PROBLEM STATEMENT: From the listing that follows, reproduce only the lines from the one holding "وأعاد المصري نشر" through the one holding "一続き階段の各踏面を指定するには | すべてのフィールドを |", both included, with no pictures.

========================================================================

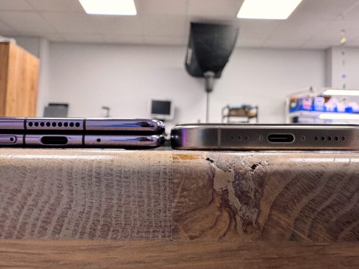 Кстати, для понимания, насколько он тонкий в сложенном состоянии, вот вам сравнение с iPhone 16 Pro.
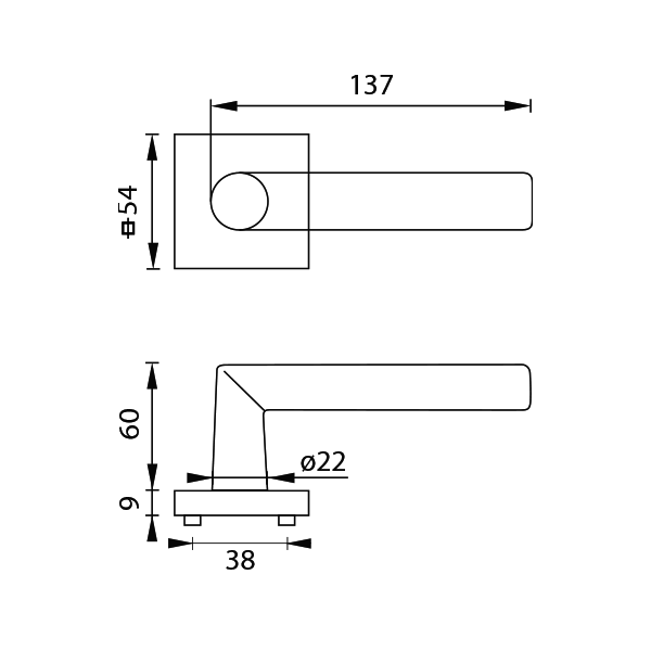 Rozetová klika na interiérové ​​dveře s hranatou rozetou je vyrobena z vysoce kvalitní nerezavějící oceli, známé jako nerez a je povrchově upravena. Rozeta má rozměry 54 mm x 54 mm a tloušťku 9 mm. Je barevně stabilní a odolná vůči opotřebení. Kování je testováno dle normy ČSN EN 1906: 2012 na 200 000 cyklů.
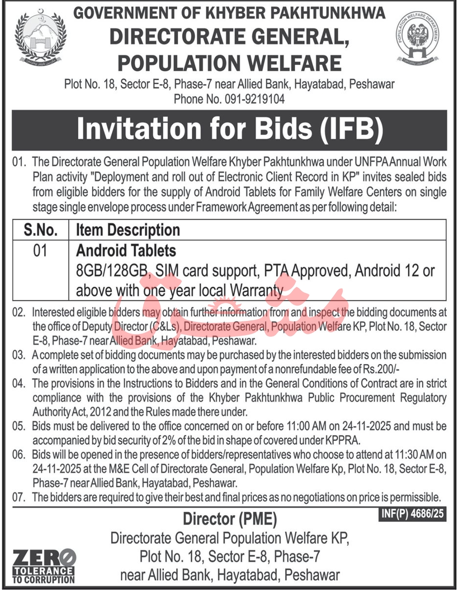 Population Welfare Department Peshawar |
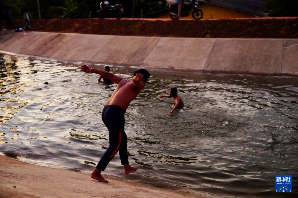 8月9日,當?shù)孛癖娫?7公里水渠中嬉戲。新華社記者 伍岳 攝
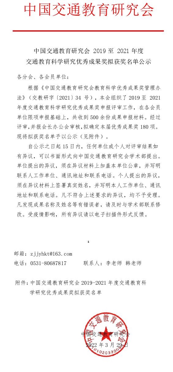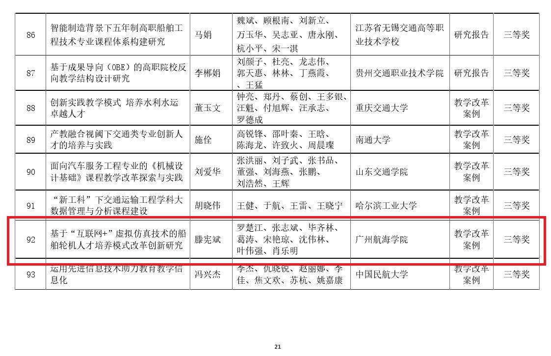 (轮机工程公司供稿)轮机工程公司滕宪斌经理主持的教学改革项目《基于“互联网+”虚拟仿真技术的船舶轮机人才培养模式改革创新研究》获得中国交通教育研究会2019-2021年度交通教育科学研究优秀成果奖三等奖。
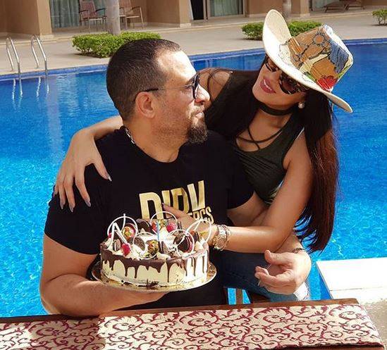 وأعاد المصري نشر الصور التي نشرتها زوجته على صفحته على "انستغرام" وظهر فيها بغاية السعادة والراحة وهو يحمل في يده قالباً من الحلوى، بينما تحتضنه زوجته، وبدا عليهما الانسجام والحب.
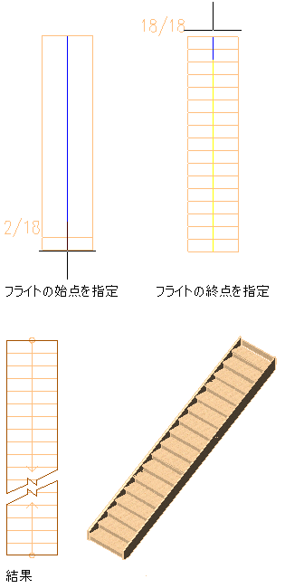 | 一続き階段の各踏面を指定するには | すべてのフィールドを |
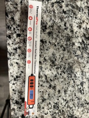 [This review was collected as part of a promotion.] This little thermometer is such a handy tool to keep in the kitchen utensil drawer! I’ve used it so many times and without fail, it always gives me the temperature super quick but accurately! Something i noticed that my other kitchen thermometers don’t do that this one does is acclimate to the rooms temperature the second you turn it on, so super fast and sensitive to temperature. I say it’s the best kitchen thermometer i’ve ever tried, seems incredibly durable too considering i may have accidentally gotten the entire thing wet several times! (don’t do what i did.. just amazed by its durability!) Thr battery is still going strong as well! All in all, a great kitchen necessity to get your meats cooked perfectly every single time.

========================================================================

EXERCISE RESPONSE:
 وأعاد المصري نشر الصور التي نشرتها زوجته على صفحته على "انستغرام" وظهر فيها بغاية السعادة والراحة وهو يحمل في يده قالباً من الحلوى، بينما تحتضنه زوجته، وبدا عليهما الانسجام والحب.
 | 一続き階段の各踏面を指定するには | すべてのフィールドを |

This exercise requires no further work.